Why are we decoding the URLs before parsing

Question

Why are we decoding the URLs before parsing

larskraemer opened this issue 4 years ago · comments

Before doing any work in the parser, we are decoding the URL, i.e. replacing "%ab" with '\xab'.
I think it would be better to this after parsing the URL, since the following URL, for example, would produce incorrect results:

https://example.com/test%3Ftest (Note: 0x3F is ASCII for '?')

If this URL is decoded first, then parsed, it will be parsed as "https://example.com/test" with a query string of "test". This is not the behavior any browser is going to give you, and I believe it should not be the behavior of this program.
Instead, I believe we should decode the parts of the URL separately after parsing, probably even while assembling the URL key.

Ameen Maali · Answer 1 · Sun Jun 07 2020 03:12:18 GMT+0800 (China Standard Time)

Hey @larskraemer, thanks for the note. This is a great point. I built this in mind with pulling URLs from multiple different tools, some of which I do know may have encoded or decoded results. However, you make a good point that’s there’s a risk of getting incorrect results here with something like the following example:

https://site.com/redirect?url=https://google.com%3Furl=anothersite.com%26code=302&code=200

After thinking about it, I’m not even sure there’s much value in decoding at all. I’m going to check on some of the popular tools out there that generate these URL lists (such as waybackurls & gau) to understand the output and determine if encoding and decoding is even relevant anymore

larskraemer · Answer 2 · Sun Jun 07 2020 03:57:42 GMT+0800 (China Standard Time)

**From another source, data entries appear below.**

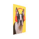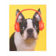 Esta linda foto de Getty Images muestra un Boston Terrier con auriculares rojos.
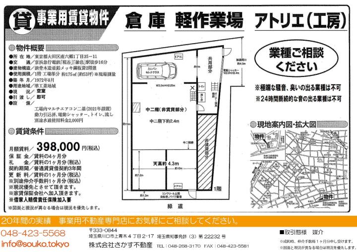 | 物件名 | 糀谷5丁目貸工場 東京都大田区東糀谷5丁目9-2 | ||
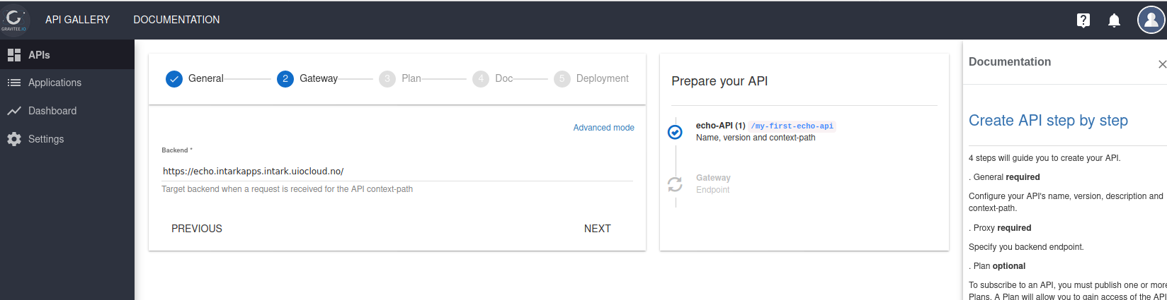 Context-path er en del av URL-en til APIet. Eksempelet over som fører til for UiOs gateway vil være tilgjengelig på URLen https://gw-uio.intark.uh-it.no/my-first-echo-api
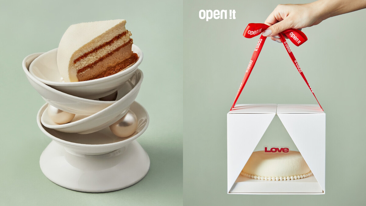 「open it.」以一款極致純白珍珠項鍊蛋糕,將對母親的愛戀化為舌尖的溫柔。蛋糕內是伯爵茶香的提拉米蘇與手工熬製的鹽之花焦糖醬,細膩交融如同母愛般層次豐富。外表則以純淨的白色巧克力噴砂展現低調的優雅,再以晶瑩的可食用珍珠項鍊點綴,彷彿為母親戴上愛的冠冕。這份純白質感一如母親的純粹心意,充滿儀式感。
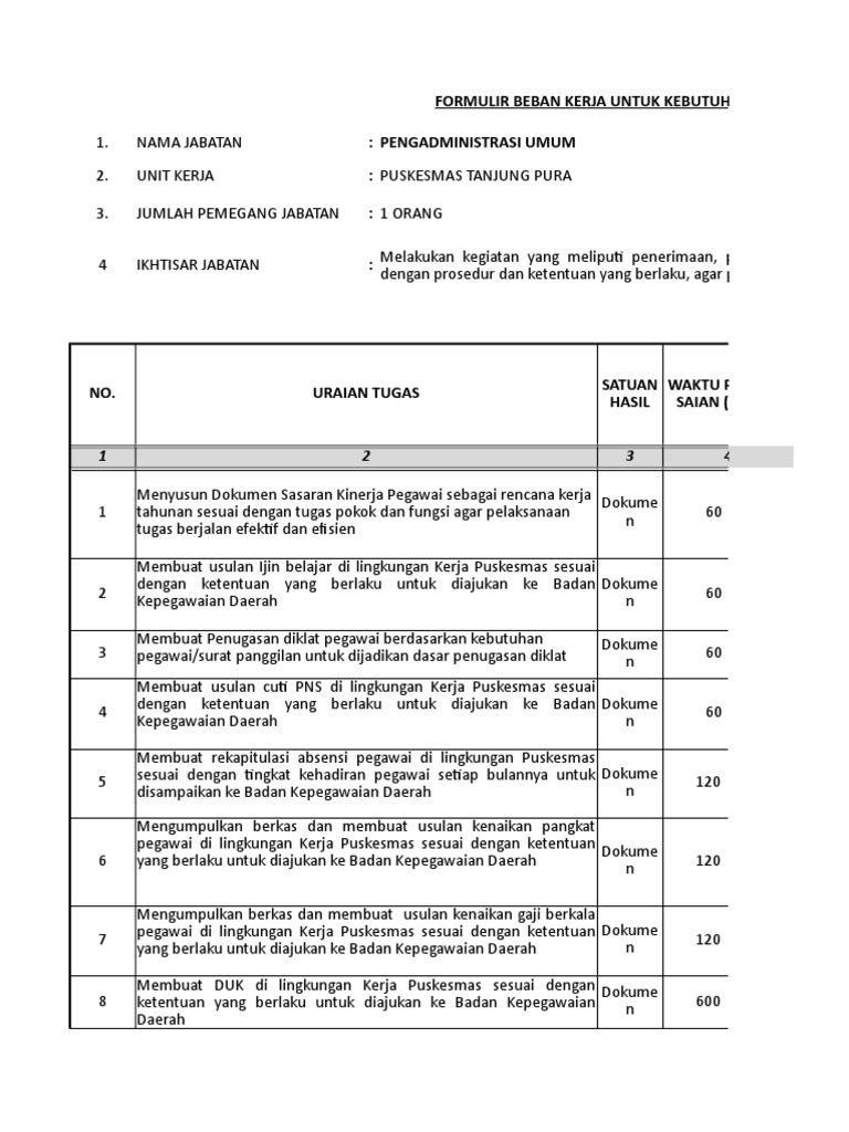 Sekretaris kasubag umum dan kepegawaian pengadministrasi umum 1. Jabatan pengadministrasi umum adalah sebuah jabatan fungsional yang berada di bawah kepala sub bagian umum dan kepegawaian baik itu di kecamatan maupun di perangkat daerah lainnya. Dapri anas sehari hari melaksanakan tugas memilah mengagendakan dan mendistribusikan surat masuk maupun keluar di suatu organisasi sebutan jabatan untuk sdr. 1 sekretaris kasubag umum dan kepegawaian pengadministrasi umum analis jabatan 2. Lebih lanjut analisis jabatan dilaksanakan untuk menghitung kebutuhan pegawai melalui perhitungan analisis beban kerja karena dalam analisis beban kerja disebutkan uraian jabatan. Sekretariat eselon iv.
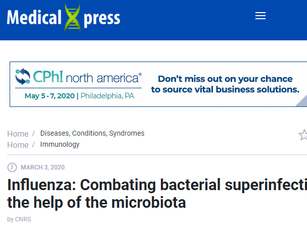 导读:流行性感冒(简称流感)是流感病毒引起的急性呼吸道感染,也是一种传染性强、传播速度快的疾病。而流感病毒是世界范围内导至人类高发病率和高死亡率感染疾病的重要原因之一。严重流感病毒感染引起的高死亡率常与流感病毒流行期间继发细菌感染有关。如此以来,抵抗细菌感染至关重要,目前的研究是否有相关突破呢? 昨日,法国国家科学研究中心(CNRS)在medicalxpress上发表了一篇有关流感的文章,研究了微生物群和细菌感染之间的联系,发现微生物群的扰动有助于细菌重叠感染。
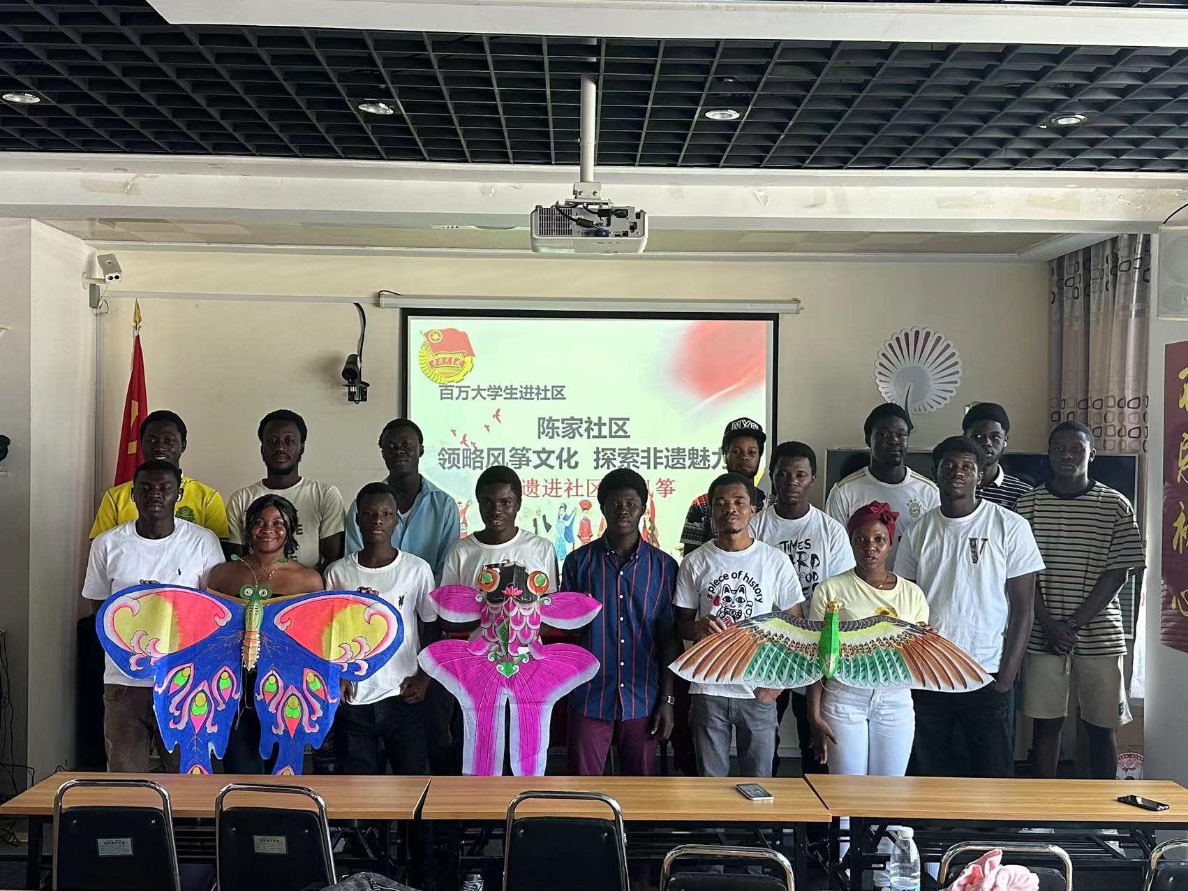 7月31日下午,国际教育学院组织来自加纳的16名国际学生走进陈家社区,参加非遗风筝文化体验活动,感受潍坊当地特色风筝文化的魅力。 活动伊始,来自潍坊风筝博物馆的工作人员介绍了风筝的起源、种类及制作过程,让国际学生了解了风筝扎制和放飞的相关知识。随后,他们带领国际学生们近距离感受风筝的制作工艺,向大家讲述了风筝背后的中国故事和中国智慧。活动后,国际学生接受媒体采访。他们表示,通过非遗课堂,了解了风...更多 -
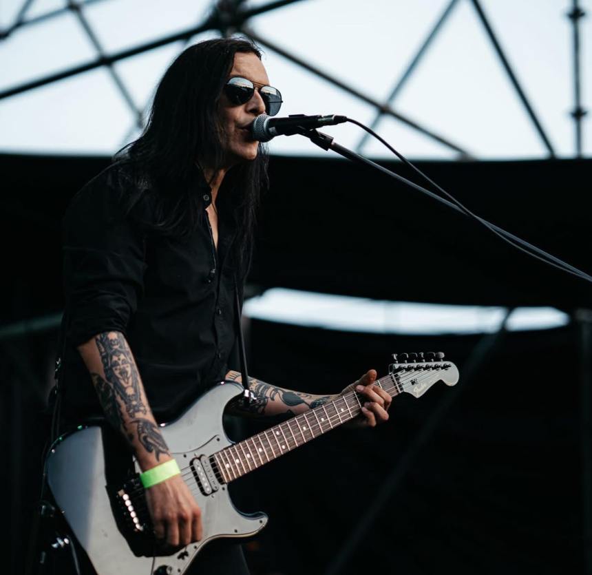 Poco dopo, in uno scenario simile, arrivano i THE SADE da Padova, trio gotico o “dark” come si diceva quando ero pischello io (svariati Papi fa). Il colore e il calore sono tutt’altri. Il suono è notturno e la presenza del sole è per loro motivo di esplicito rammarico, sicuramente non la condizione ideale per quel che propongono. Ma, nel meteo, io come gli altri presenti ho trovato grosso motivo di sollievo: erano previsti acquazzoni e invece a fine giornata non sarà caduta neanche una goccia. Che sia luce o buio, loro fanno comunque un bel concerto, come da coordinate del genere (che non è certo quello in cui sono più ferrato): tutto gira principalmente intorno a corpose linee di basso che, con poca fantasia, definirei alla Peter Hook. In un certo senso con questo secondo set si anticipa in maniera abbastanza chiara quale sarà la direzione della giornata, con un bill variegato ma che, nelle sue varie declinazioni, sembra scindersi tra sonorità punk e gothic in reciproca alternanza. Saranno proprio poi gli headliner a rompere questo canovaccio (in maniera eccellente tra l’altro). Ah, suono ottimo e tutto si sente benissimo, cosa che con qualche aggiustamento qua e là varrà un po’ per tutti.
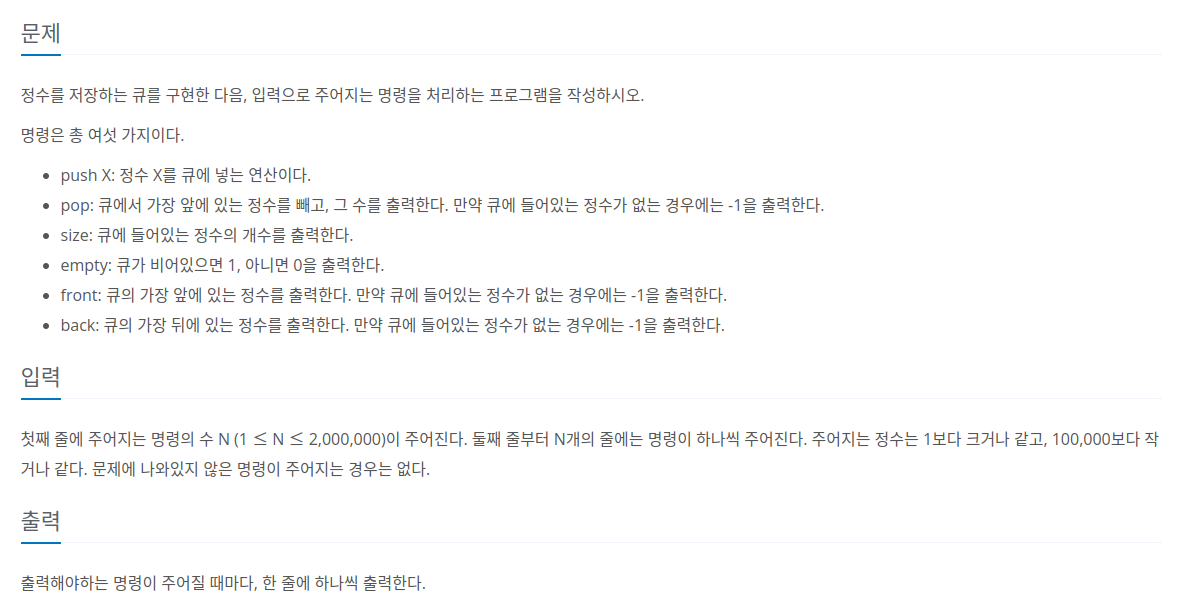 백준 알고리즘 18258번은 선형 순차 자료구조 중에서도 큐(Queue)를 구현하는 문제다. 큐(Queue) 자료구조를 일반적으로 구현하면 간단하게 구현이 가능한데, 백준 알고리즘 18258번을 통해서 구현하게 되면 시간초과 문제 때문에, StringTokenizer, BufferedReader 객체를 반드시 사용해야 한다.
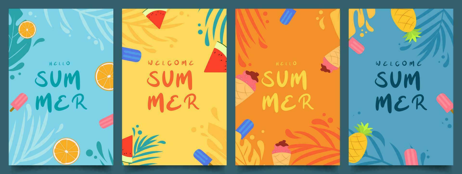 set simple flat vertical summer splash design with leaf, ice cream, watermelon, pineapple and lemon background vector illustration EPS10 Pro Vector
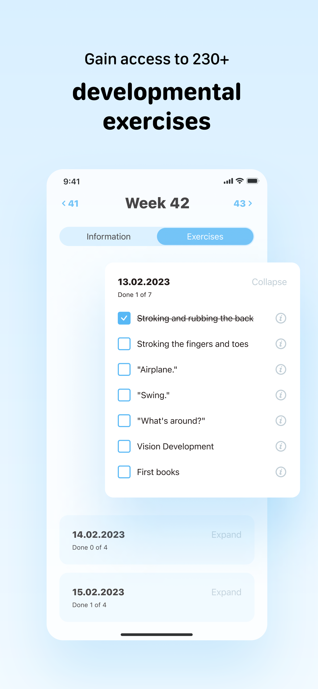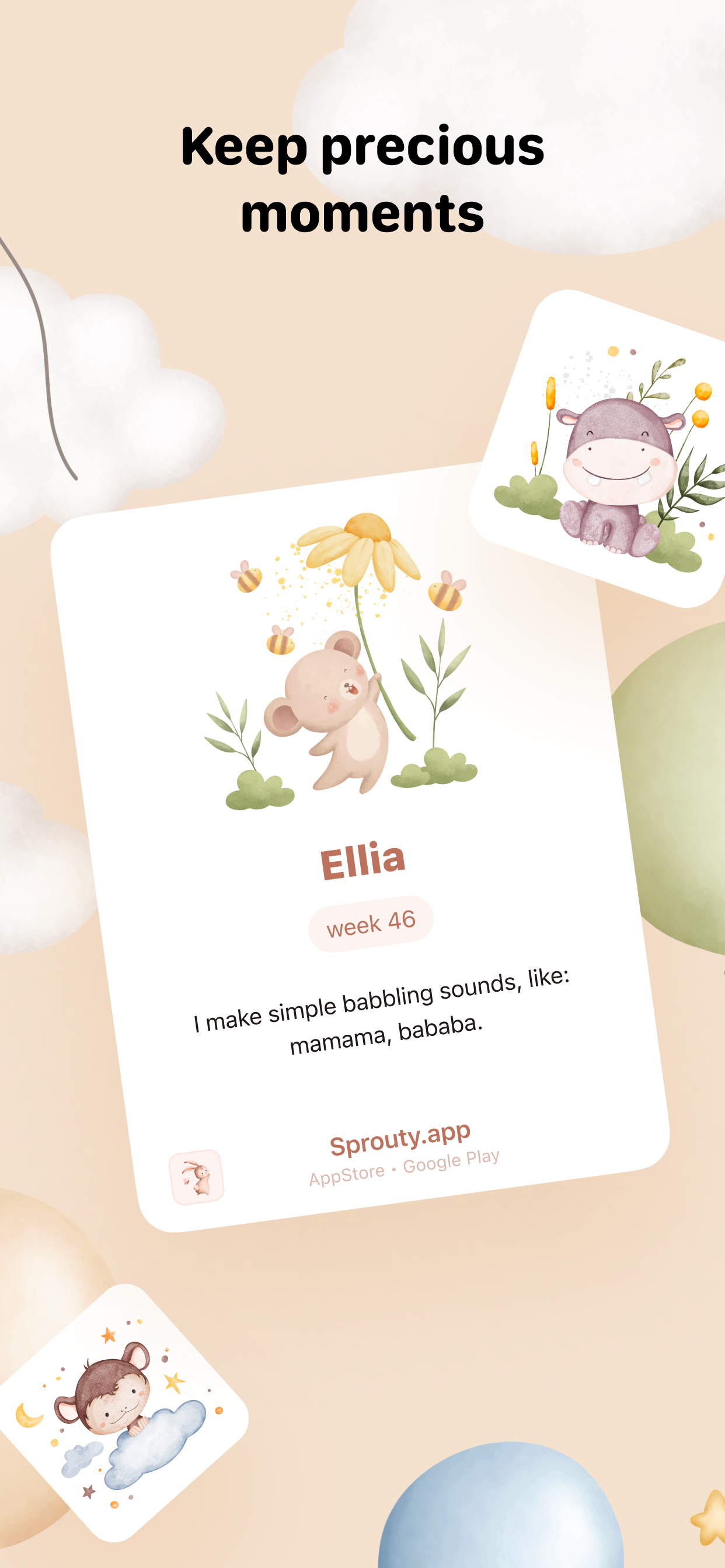 Sprouty – an essential app for parents of babies up to 2 years old. Track your child's growth crises week by week and check comments from pediatricians. Track your baby's sleep, feeding, diaper changes, pumping, and mood. Gain access to 230+ developmental exercises. Now you have an assistant on your journey to mindful parenting – trusted by 100,000+ moms and dads! Grow Together. Every Step of the Way. GROWTH CRISES CALENDAR From birth up to 2 years, a child goes through several growth and development crises. There's no need to be worried – this is a natural process during which the nervous system and brain develop, and the baby acquires new skills. However, during such periods, a child might become fussy and sleep poorly. We display growth crises in the calendar so you won't worry: together with pediatricians we explain what's happening with the physiology, motor skills, and speech development of your child up to 105 weeks inclusive. MEASUREMENTS OF HEIGHT, WEIGHT, AND CIRCUMFERENCES Fix key child's growth parameters – and track how they change. Check them with the World Health Organization's standards. TRACKERS FOR SLEEP, FEEDING, DIAPER CHANGES, PUMPING, AND CHILD'S MOOD Record all the important information about your child's daily schedule and routine – all in one app. 230+ DEVELOPMENTAL EXERCISES FOR EVERY DAY Tiger on a Branch, Maracas, More Noise, Miracles – these are not the titles of colorful children's cartoons, but engaging developmental exercises that you can perform with your child every day. JOURNAL OF PRECIOUS MOMENTS The first smile of your little one, the first tooth, the momentous first step – keep lovely memories not just in your heart. Record them in the app to create a cute video and share it on social media and messengers with family and friends. SUBSCRIPTION INFORMATION The subscription provides access to additional services in the app, becoming your daily go-to parenting resource. - A set of exercises for each day. They match the stage of your baby's development and don't take much time. The checklist format makes it easy to keep track of completed exercises. - Developmental norms: cognitive and psychological, speech and motor skills, teething. Checked by pediatricians and approved by the World Health Organization. Additional information: - Payment will be charged to your account after purchase confirmation. You could check the available subscription options in the app after its installation. - The subscription automatically renews. The renewal cost will be charged to your account 24 hours before the end of the current subscription, if auto-renewal has not been turned off. - You can easily manage subscriptions in your Google Play account settings – for example, turn off automatic subscription renewal right after purchase. FROM THE APP'S CREATOR Hello! My name is Dima, I am the father of a wonderful girl, Elli. When she was born, my whole world turned upside down. I learned about growth crises challenging for both the child and parents. To keep track of them, I created this app. Suddenly other parents started using it too. Today, thousands of moms and dads monitor their child's development with us – it's so inspiring, I'm so grateful. Thank you! Growing up is not easy! But we support parents and children every day on this exciting journey. Privacy Policy: https://sprouty.app/privacy-policy Terms of Use: https://sprouty.app/terms-of-service
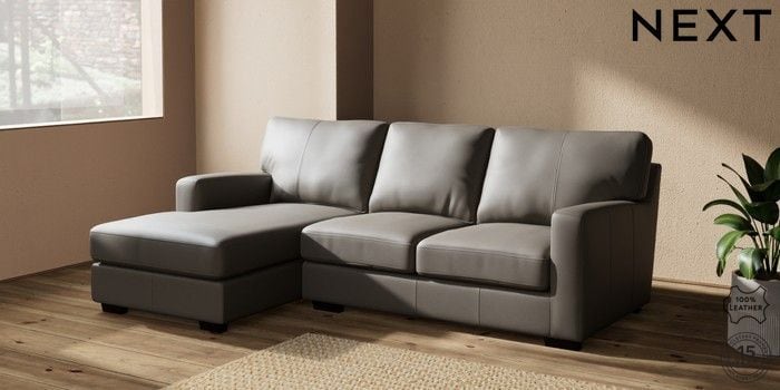 6.12.1 Buy Brooklyn Leather Small Sofa Chaise - Left Hand Turin Leather French Grey Slim Block - Dark from the Next UK online shop Click here to use our accessible website

Yea, I thought it might have something to do with interoperability. I think in general, we should be handling URLs as they would be typed into the browser, and maybe add a switch to decode first, or even just a seperate decoder tool. I just reworked the parsing a bit in anticipation of #6 and got a pretty significant performance boost from just not decoding at all. (Also, 5 times over regex, yay)
Decoding might be sensible for these kinds of URLs:

example.com/test?%61=b
example.com/test?a=b

These query strings are absolutely identical to a server, so we should treat them as identical too. Same for unnecessarily encoded parts of the path.

larskraemer · Answer 3 · Sun Jun 07 2020 05:12:15 GMT+0800 (China Standard Time)

I just noticed, this decoding business is going to mess up the deduplication too, even if we decode only the parts separately:
example.com/test?a=b
example.com/test?a=b%26c%3Dd

The second query string decodes to ?a=b&c=d, which will make it appear in the deduped results.
At this point, we might have to change the way we are eliminating duplicates completely

Ameen Maali · Answer 4 · Mon Jun 08 2020 05:58:49 GMT+0800 (China Standard Time)

Decoding & encoding logic was removed, closing out